Work item
Since pictures are not wanted, repeat only the text of the records, word for word.

Extracted data
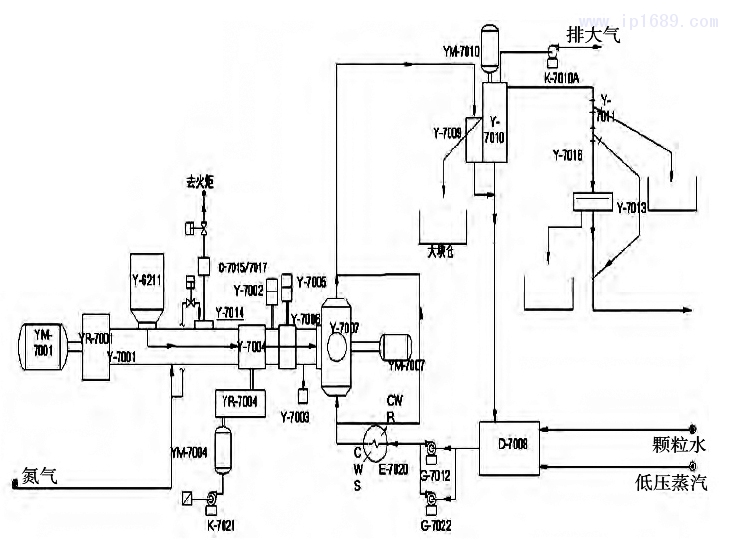 筒體、節流開車閥(YM-7002)、熔融泵及電機(YM-7004)、換網器(Y-7005)、切粒機(Y-7007)、液壓油系統以及粒料處理系統等組成(圖1)。
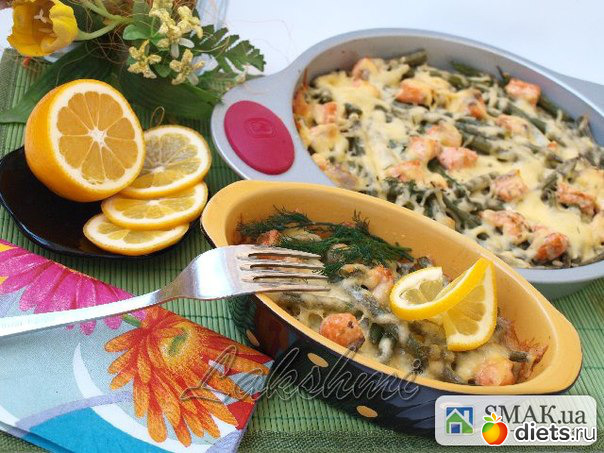 Филе сёмги нарезать небольшими кусочками. Посыпать сёмгу орегано, смесью перцев и сбрызнуть соком лимона. Оставить пропитаться. За это время отварить рис в подсоленной воде не разваривая. Обжарить сёмгу, не более трёх минут. К сёмге добавить не размораживая спаржевую фасоль. Посолить и поперчить по вкусу. Прогреть вместе на сковороде 2-3 минуты и выключить. В слегка остывший рис добавить белок, половину на тёртого твердого сыра и укроп. Хорошо перемешать. Формы смазать маслом, выложить рисовую смесь, сверху рыбу с фасолью. Посыпать оставшимся сыром и запечь в духовке при 180 градусах 15 минут, до зарумянивания сыра. Подавать с укропом и лимоном.
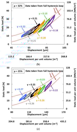 Local hysteresis loop measurements: Static load FS (left vertical axis) and static load FS per unit volume (right vertical axis) versus displacement (upper horizontal axis) and versus displacement per unit volume of WMD (lower horizontal axis). (a) WMD of 42% density; (b) WMD of 32% density; (c) WMD of 25% density.
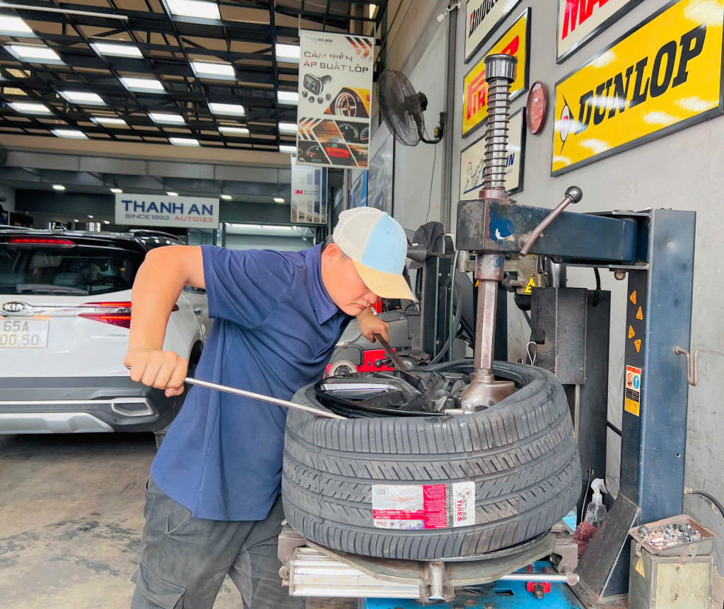 Đội ngũ kỹ thuật viên chuyên nghiệp thay vỏ xe ô tô tại Thanh An
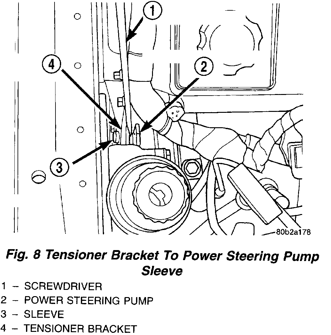 NOTE: The long mounting bolt for the power steering pump is installed in the location where the sleeve is in the tensioner bracket.
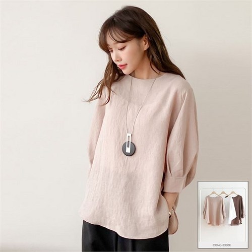 콩코드데일리 BL255 라운드 절개 트임 린넨 여름 퍼프 블라우스
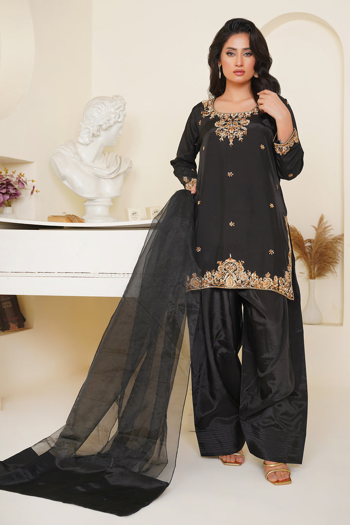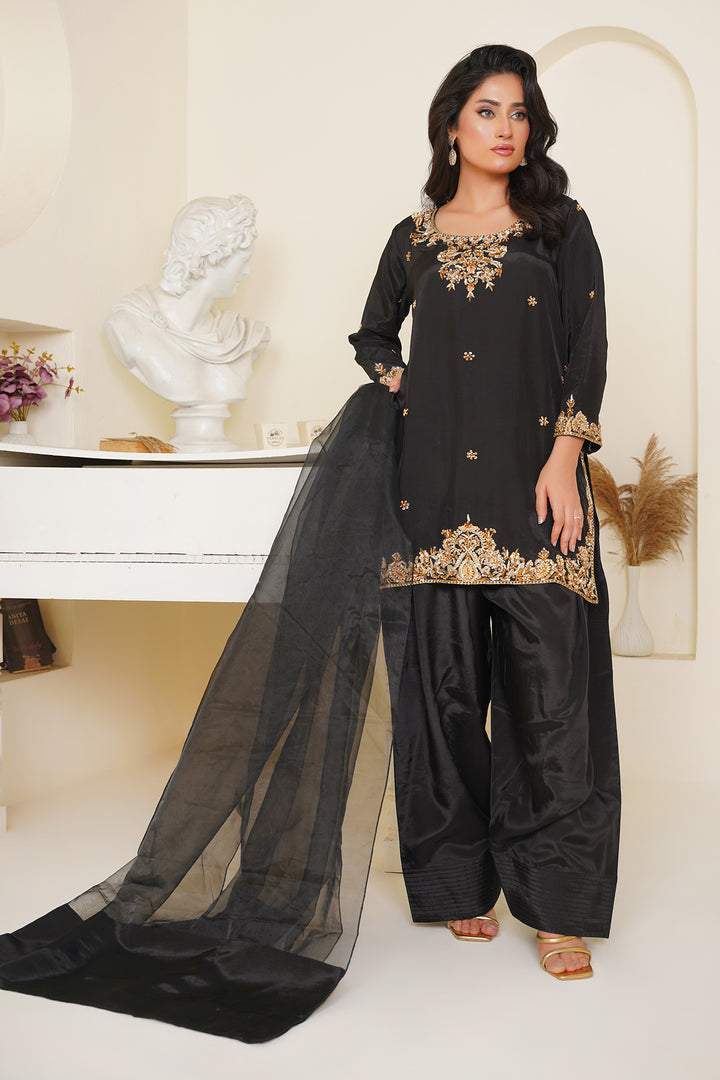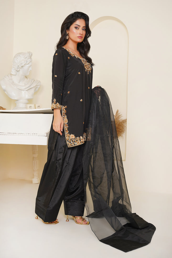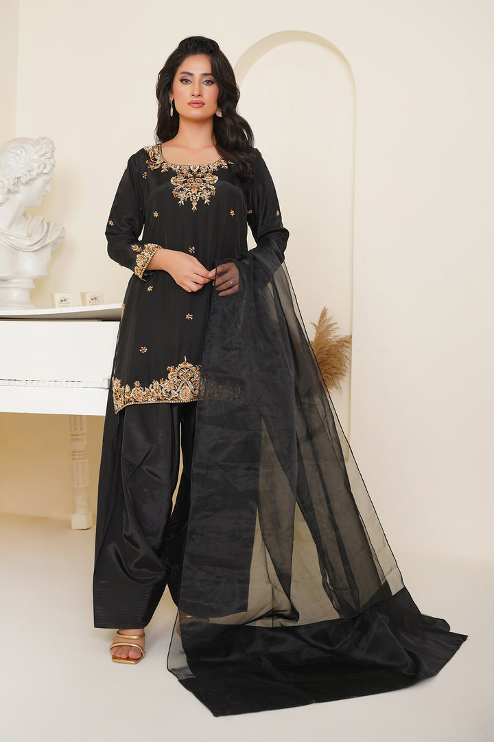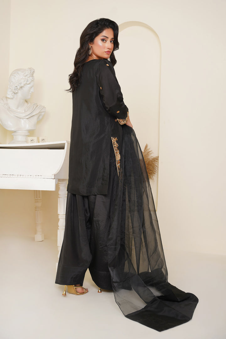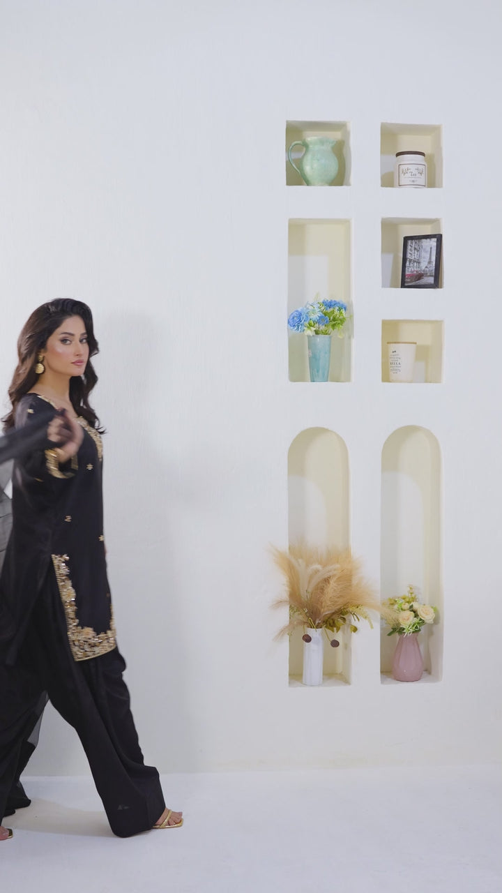 The flowing farshi shalwar brings a regal touch, while the soft organza dupatta adds layers of sophistication. Perfect for evening soirees, festive nights, or formal gatherings, Mehak captures the allure of timeless black with a modern Silkmire twist.
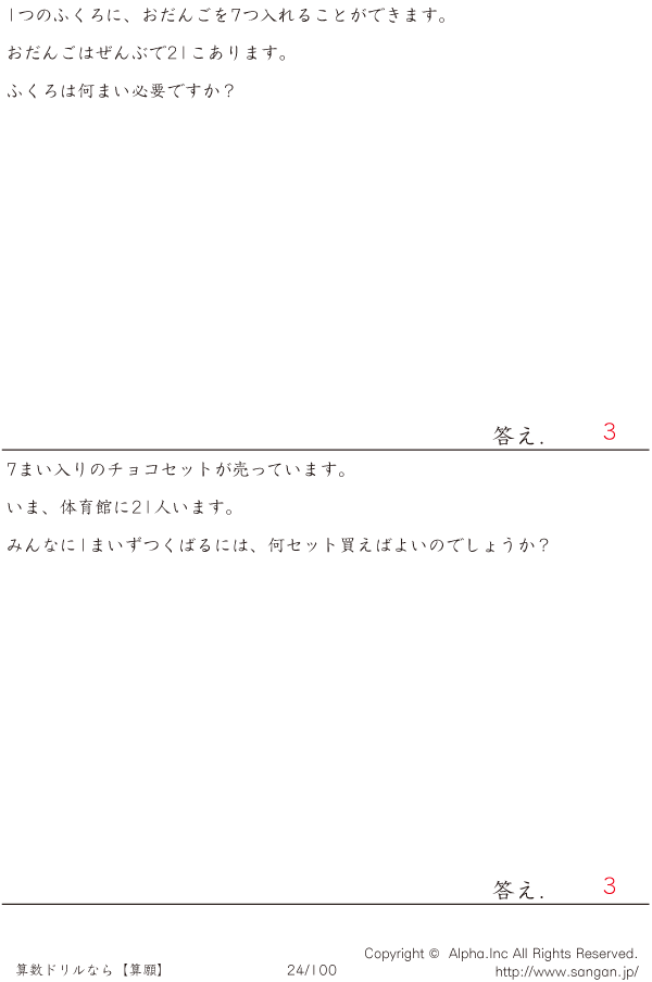 上記のボタンから「文章題テープ図割り算(掛け算)」の算数数学ドリル・計算ドリル(PDFプリント)がダウンロードできます。個人利用は無料です(家庭以外での配布は有料です)。
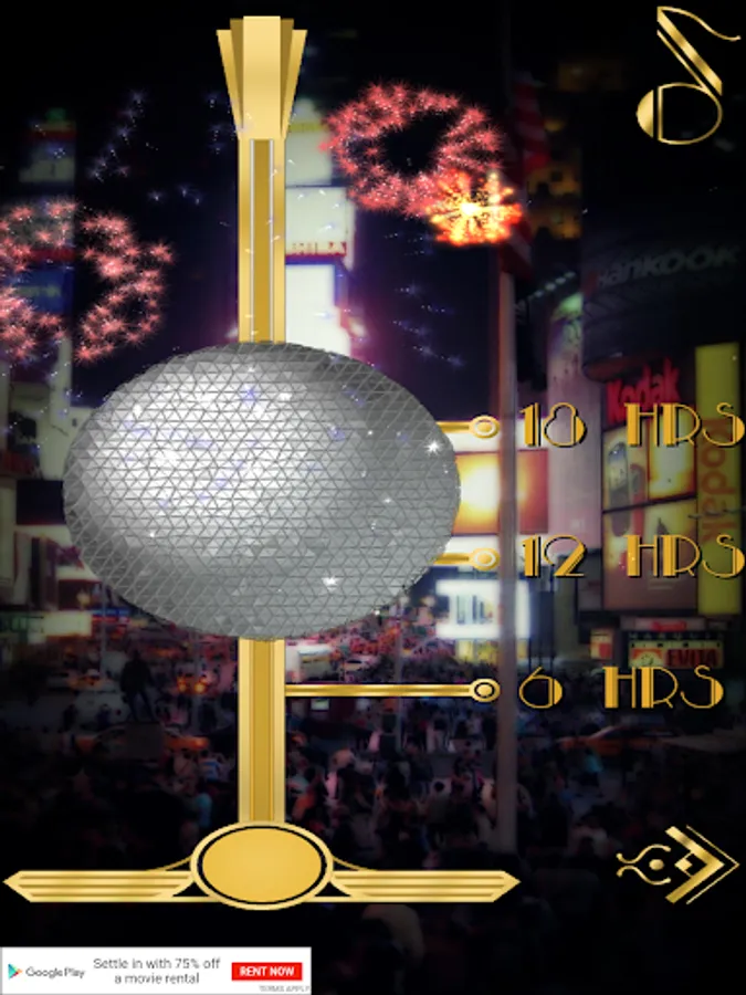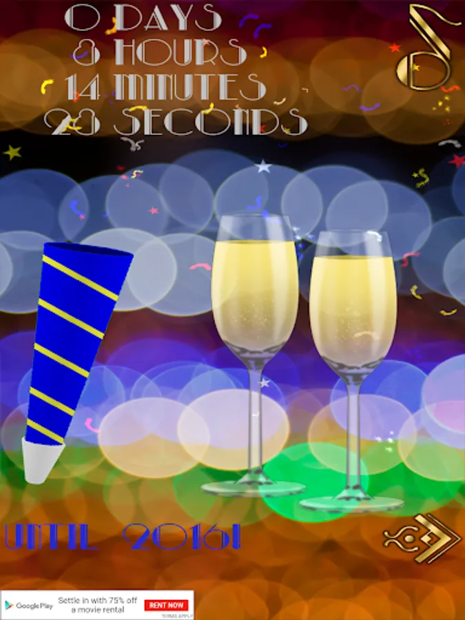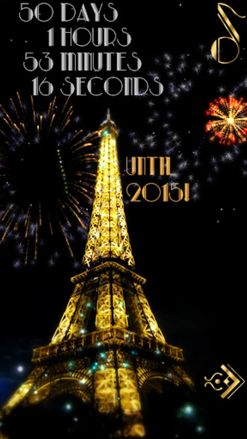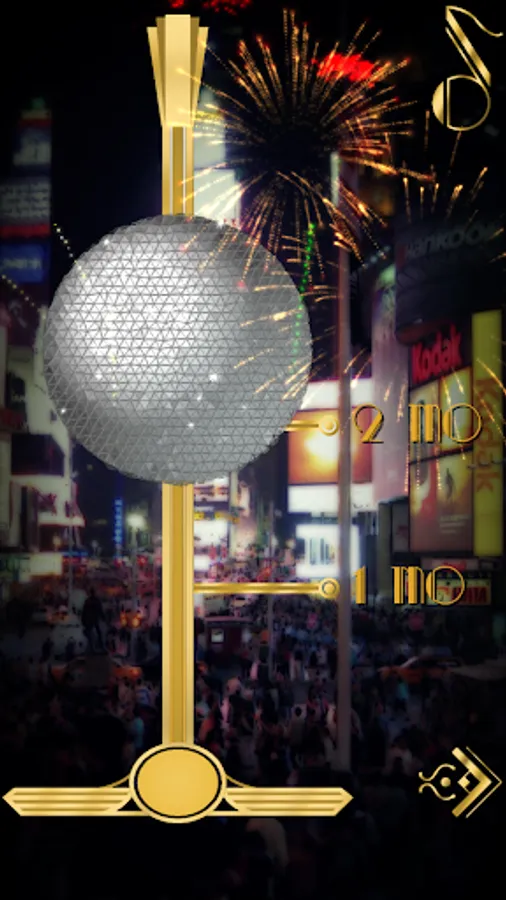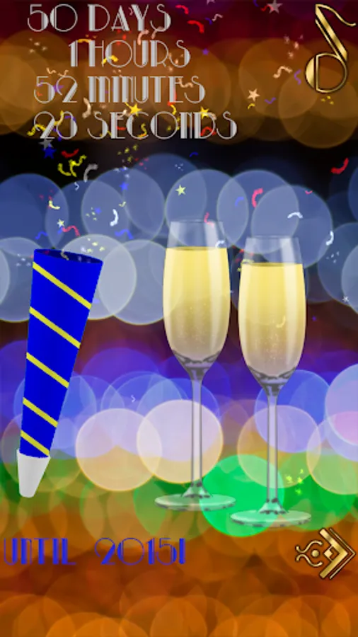 Tap the screen to launch fireworks; touch the champagne flutes, party horn, and music note for New Year's Eve sound effects!

Reply to the task
 筒體、節流開車閥(YM-7002)、熔融泵及電機(YM-7004)、換網器(Y-7005)、切粒機(Y-7007)、液壓油系統以及粒料處理系統等組成(圖1)。
 Филе сёмги нарезать небольшими кусочками. Посыпать сёмгу орегано, смесью перцев и сбрызнуть соком лимона. Оставить пропитаться. За это время отварить рис в подсоленной воде не разваривая. Обжарить сёмгу, не более трёх минут. К сёмге добавить не размораживая спаржевую фасоль. Посолить и поперчить по вкусу. Прогреть вместе на сковороде 2-3 минуты и выключить. В слегка остывший рис добавить белок, половину на тёртого твердого сыра и укроп. Хорошо перемешать. Формы смазать маслом, выложить рисовую смесь, сверху рыбу с фасолью. Посыпать оставшимся сыром и запечь в духовке при 180 градусах 15 минут, до зарумянивания сыра. Подавать с укропом и лимоном.
 Local hysteresis loop measurements: Static load FS (left vertical axis) and static load FS per unit volume (right vertical axis) versus displacement (upper horizontal axis) and versus displacement per unit volume of WMD (lower horizontal axis). (a) WMD of 42% density; (b) WMD of 32% density; (c) WMD of 25% density.
 Đội ngũ kỹ thuật viên chuyên nghiệp thay vỏ xe ô tô tại Thanh An
 NOTE: The long mounting bolt for the power steering pump is installed in the location where the sleeve is in the tensioner bracket.
 콩코드데일리 BL255 라운드 절개 트임 린넨 여름 퍼프 블라우스
 The flowing farshi shalwar brings a regal touch, while the soft organza dupatta adds layers of sophistication. Perfect for evening soirees, festive nights, or formal gatherings, Mehak captures the allure of timeless black with a modern Silkmire twist.
 上記のボタンから「文章題テープ図割り算(掛け算)」の算数数学ドリル・計算ドリル(PDFプリント)がダウンロードできます。個人利用は無料です(家庭以外での配布は有料です)。
 Tap the screen to launch fireworks; touch the champagne flutes, party horn, and music note for New Year's Eve sound effects!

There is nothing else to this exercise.